On Thu, Apr 18, 2002, David Brownell <[EMAIL PROTECTED]> wrote:
> > It may be non-null, but qh is not on any list. There is no way that it
> > can be referenced after uhci_free_qh is called.
> 
> It's not uhci_free_qh() that's in question, but uhci_free_dev().
> There'd be trouble if you were wrong about uhci_free_qh()!
> 
> (Does qh->dev really need to be valid for each qh on the
> qh_remove_list, though?  Could that be invalidated when
> each qh was put on that list -- usb_dec_dev_use and null the
> pointer?)

It doesn't have to be, we can decrement the reference earlier, but it won't
change how correct the code is, it'll just result in the memory being freed
1ms earlier.

> > I don't think you understand how reference counting works.
> 
> Perhaps not in the uhci context, but if so that's something that
> should get fixed:  all the HCDs should behave the same!

I think that goes without saying.

> > usb_control_msg (send 8 bytes) 1
> >  uhci_submit_urb 1
> >   uhci_inc_dev_use 2 (once for the urb)
> >   uhci_submit_control 2
> >    uhci_alloc_td 3 (SETUP)
> >    uhci_alloc_td 4 (DATA)
> >    uhci_alloc_td 5 (STATUS)
> >    uhci_alloc_qh 6
> 
> In short, "uhci" tracks both qh->dev and td->dev counts.
> Fine, no problem.

Yes, it's designed that way to ensure that we do want to dereference
->dev, it'll still be a valid pointer.

> > [other processing waiting for URB to finish]
> > [user unplugs device]
> > 
> > usb_disconnect 6
> 
> That must have been called by khubd.  Which then
> invokes every driver's disconnect() method ... the
> details of your scenario aren't exactly clear to me.
> 
> Looks like you're describing a case where some
> driver has a thread blocked in a control message,
> which its disconnect() code is going to have to
> somehow make sure completes before the driver
> returns from disconnect().

Yes, I'm explaining a situation which would show any problems.

> >  usb_free_dev 5
> 
> You must mean usb_dec_dev_use() at this point.
> Who's calling it though?  Remember khubd only
> calls this when every disconnect() routine finished.

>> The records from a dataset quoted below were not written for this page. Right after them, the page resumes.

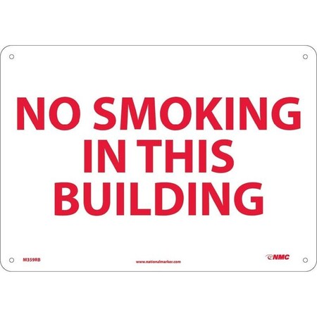 NMC M359RB NO SMOKING IN THIS BUILDING Sign - 14 in. x 10 in. Rigid Plastic Smoking Prohibition Sign with Red Text on White Base
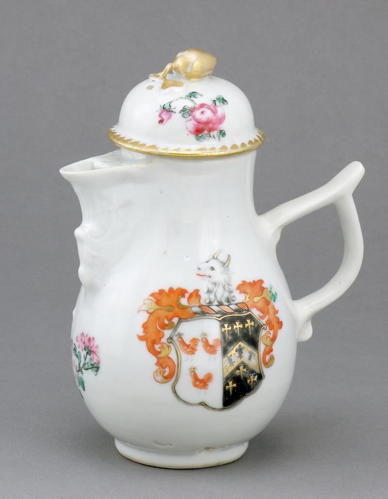 Hot water jug, standing on an applied spreading foot with beaded rim and short stem, raised baluster-shaped body, long up-curved pouring spout, grooved and with a shell motif at the bottom, above an engraved monogram, JEP, a wreath below; ear-shaped strap handle bound with wicker and with heart-shaped terminals; stepped domed cover, with beaded rim and cast acorn finial, hinged from the cover.
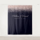 Fond de cabine photo de mariage bleu marine confettis Rose Gold. De beaux confettis rose gold vintage glam simples sur un fond bleu marine. Ce design moderne personnalisé peut être facilement personnalisé avec vos propres détails.
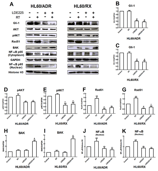 Figure 3: LDE225 enhances the radiosensitivity by downregulating the activation of pAKT and NF-kB in HL60/ADR and HL60/RX cells. A. Cells were treated with vehicle alone, radiation alone, LDE225 alone, and combination therapy (LDE225+radiation) respectively. The protein expression of Gli-1, AKT, pAKT, NF-kB, Rad51, BAK were analyzed by western blot. The quality of separation was monitored using GAPDH as mark B–I. and Histone H3 J, K. Each bar represents the mean ± SD. #, p<0.001 vs vehicle-treated control group or radiation group; *, p<0.01 vs vehicle-treated control group or radiation group **, p<0.001 vs radiation group; ***, p<0.01 vs vehicle-treated control group; &, p<0.001 vs vehicle-treated control group, radiation group, or LDE225 group. Abbreviation: RT, radiation.
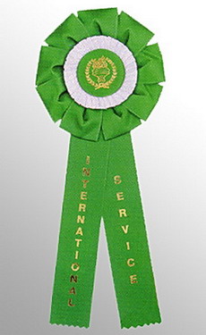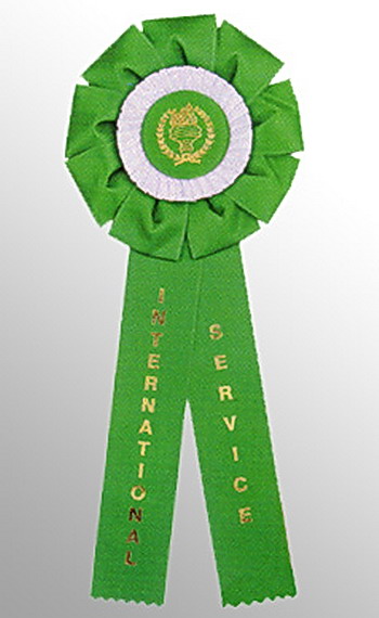 The example shown is a white inner and green outer satin rosette with a green button and streamers. The print color is gold. The button uses a "no extra cost" stock print. The streamer has a custom, no extra cost, text.
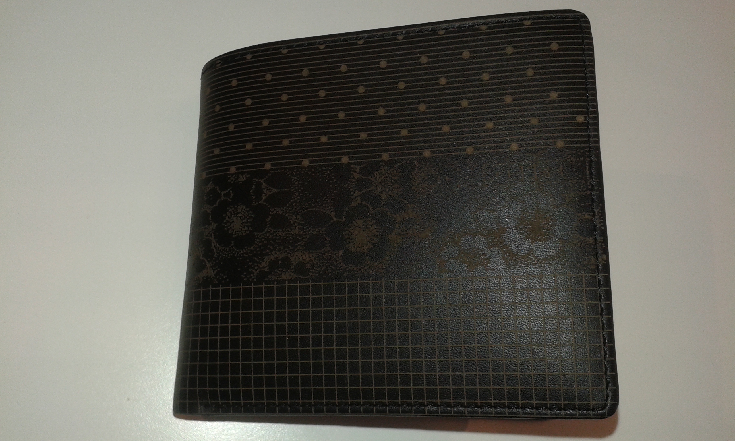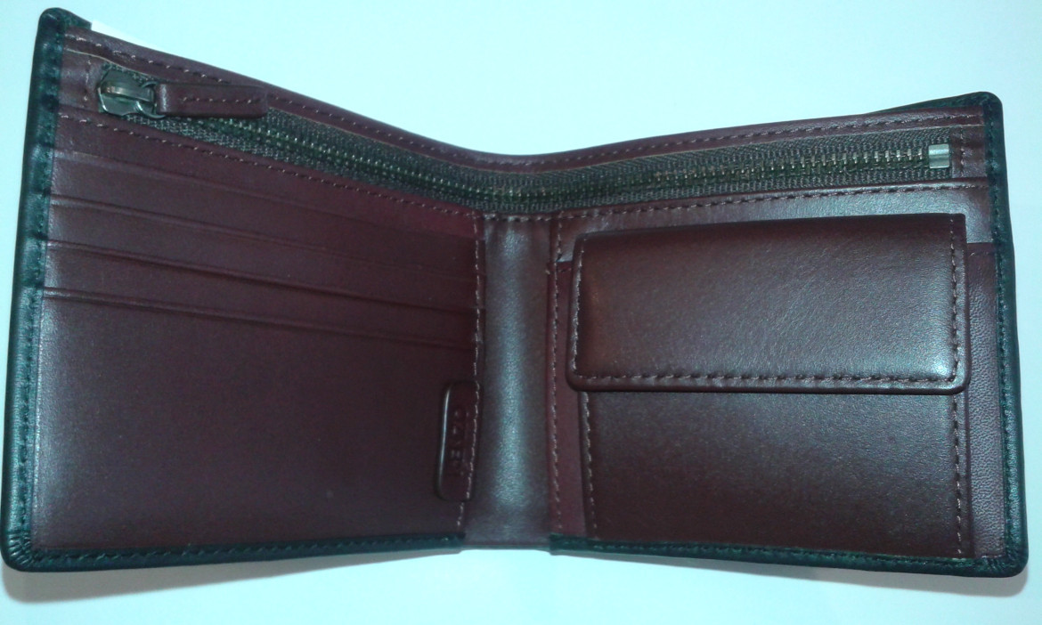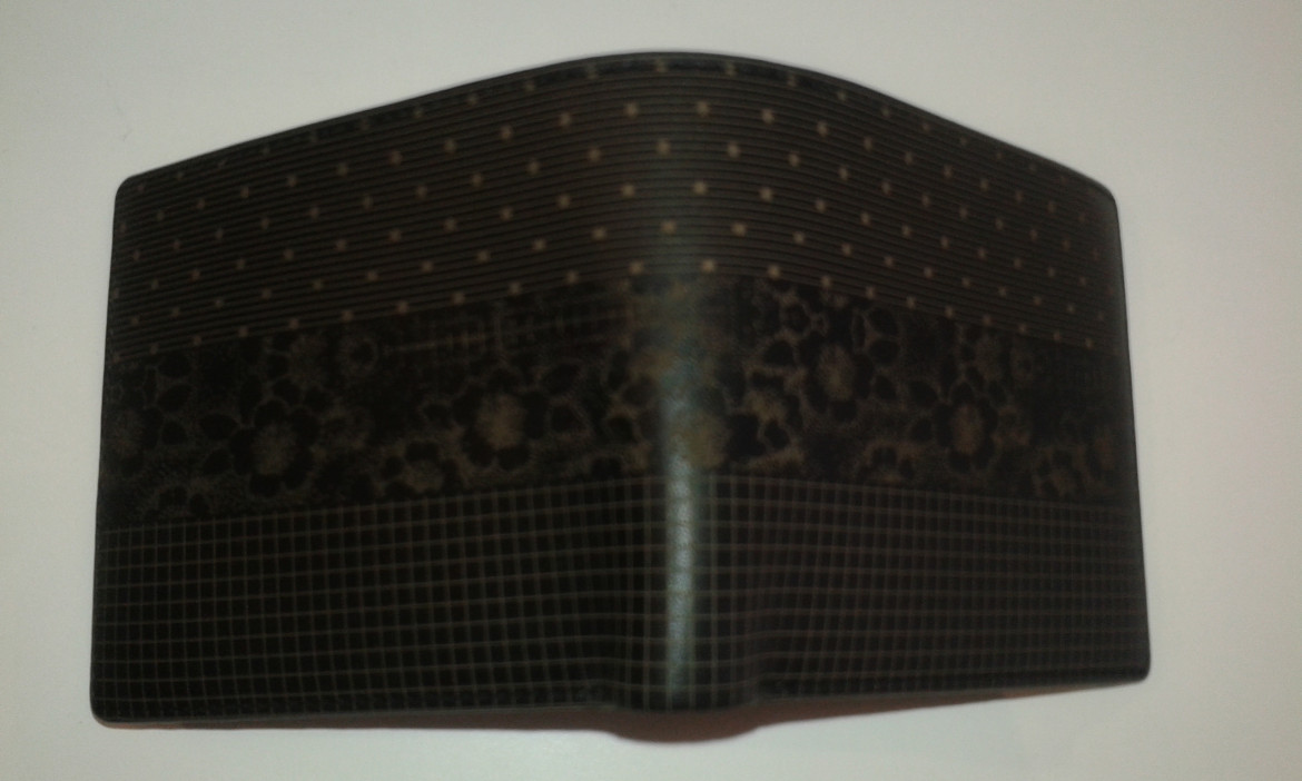 Portefeuille en cuir marron avec fantaisies ( fleurs, petits pois et carreaux). Interieur lie de vin
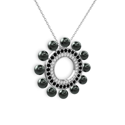 Siyah inci, swarovski ve siyah zirkon 18 ayar beyaz altın kolye (40 cm beyaz altın rolo zincir)
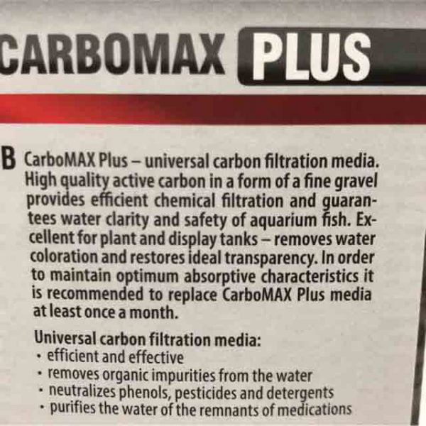 کربومکس پلاس CARBOMAX PLUS، زغال فعال شده با کیفیت مناسب و بسیار کاربری، موثر در حذف و جذب مواد شیمیایی، حذف مس مربوط به دارو از آب، از بین بردن بوی نامطلوب و رنگ آب می باشد که قابلیت استفاده در انواع آکواریوم های آب شور و آب شیرین را دارد و یکی از پرکاربردترین اجزای فیلتراسیون شیمیایی است.
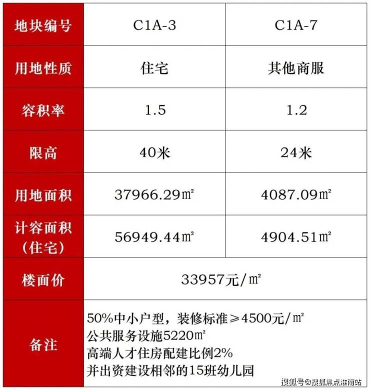成交价:210040万元+商品住宅装修标准4500元/㎡(集采价)+公共服务设施5220㎡(计容)+高端人才住房配建比例2%。
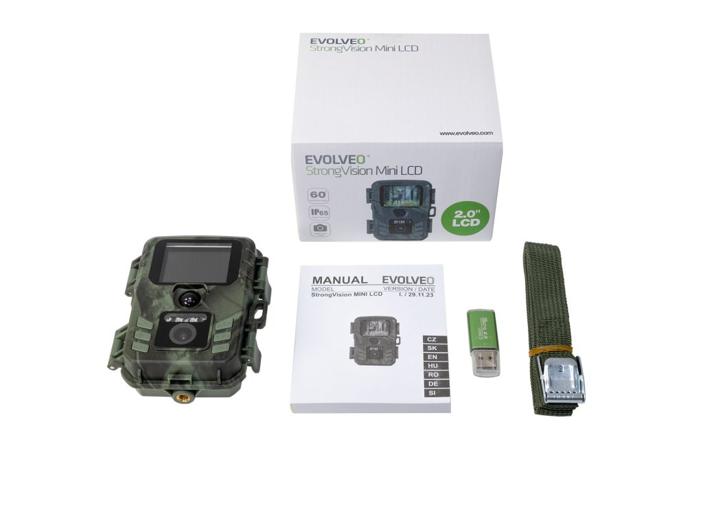 EVOLVEO StrongVision MINI LCD je dodávána jako kompletní sada, která obsahuje fotopast, montážní popruh, USB čtečku SD karet a podrobný manuál. Tento systém je připraven k okamžitému použití a nabízí vše, co potřebujete pro efektivní monitorování. Díky pokročilým funkcím, snadné instalaci a spolehlivému výkonu je EVOLVEO StrongVision MINI LCD vynikající investicí pro každého, kdo potřebuje kvalitní a efektivní monitorovací řešení.
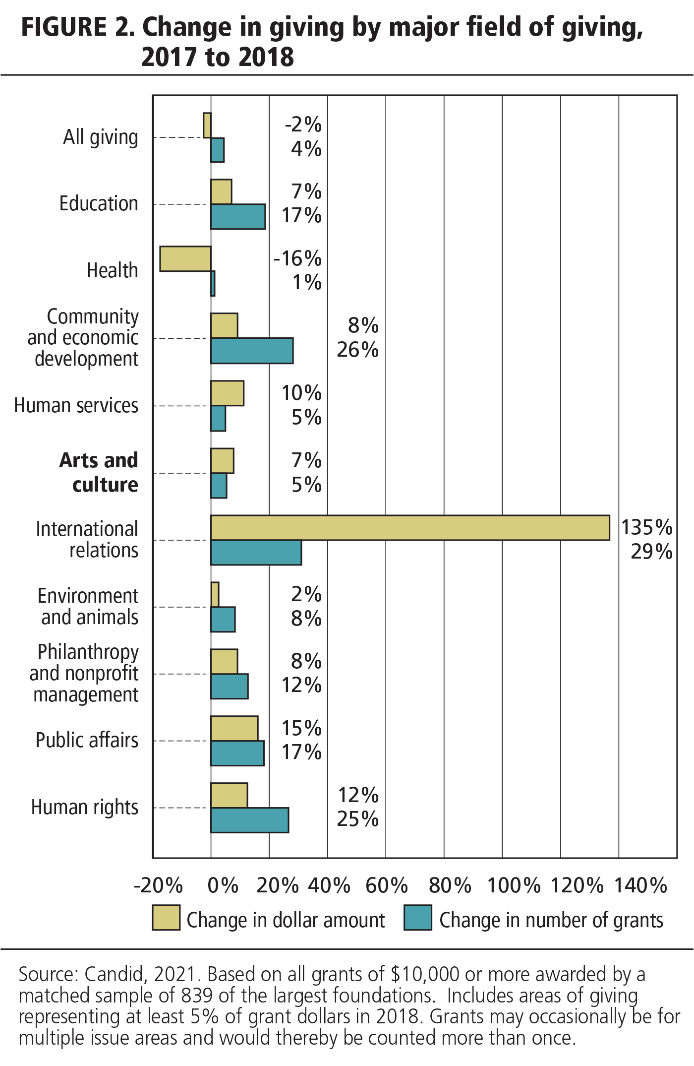 Every year and in all funding areas, a few very large grants can skew overall totals, creating distortions in long-term grantmaking trends. In 2018, 22 arts and culture grants provided at least $10 million, and instances where these grants had a notable impact on grantmaking patterns are identified throughout this analysis. Yet despite the potential fluctuations caused by these exceptional grants, Candid data in all fields have always included them, providing consistency over time.3

At the end of usb_disconnect. usb_dec_dev_use is an alias for
usb_free_dev, so it's the same code. Note the indentation I used
for the calling order.

> > [more processing, URB times out or fails. it wasn't explicitly unlinked]
> 
> But usb_control_msg() does its own timeouts, and DOES
> use explicit unlinking ...

Not a timeout in that sense. A timeout in the sense that UHCI tries to
transfer data to the now nonexistant device and it'll eventually be
returned back uhci.c with a CRC/Timeo error.

> ... so the rest of your call chain won't be exactly what happens.
> (I trimmed it in the interest of shorter messages.)

Yes it will.

> I know there are some complex goings-on there (which I won't
> claim to understand :), but it's also not clear to me where the
> uhci_free_dev() call happens, you didn't show it.

It's at the end. usb_free_dev will call it when the reference count is 0.
Look at the code.

> > As you can see, the only time the reference count would hit 0 is when
> > uhci.c is done with all QH's, TD's and URB's for that device. The only
> > way uhci_free_dev can be called is when the reference count is 0.
> 
> Actually I still don't see that. To the extent that you expect interrupts to
> clean up the qh_remove_list it still seems like those might come after
> the uhci_free_dev() call returned.

I guess you don't understand how reference counting occurs.
uhci_free_dev will never be called before qh_remove_list removes the QH
because the reference count won't be 0 until qh_remove_list is
processed.

> If the qh_remove_list is non-empty when uhci_free_dev() is called,
> then shouldn't that call block until an interrupt empties that list?
> At least, so long as the qh->dev pointers there are valid?

Not a problem because uhci_free_dev can't be called until the reference
count is 0.

> Otherwise, so long as each qh on the remove list has a dev pointer,
> it still seems to me that khubd and uhci might race on the state
> of devices during disconnect processing.  (And the symptom of
> the wrong winner would be a different BUG than Andries reported,
> FWIW -- it'd be in usb.c, not usb.h!!)

No race, because of the reference counting.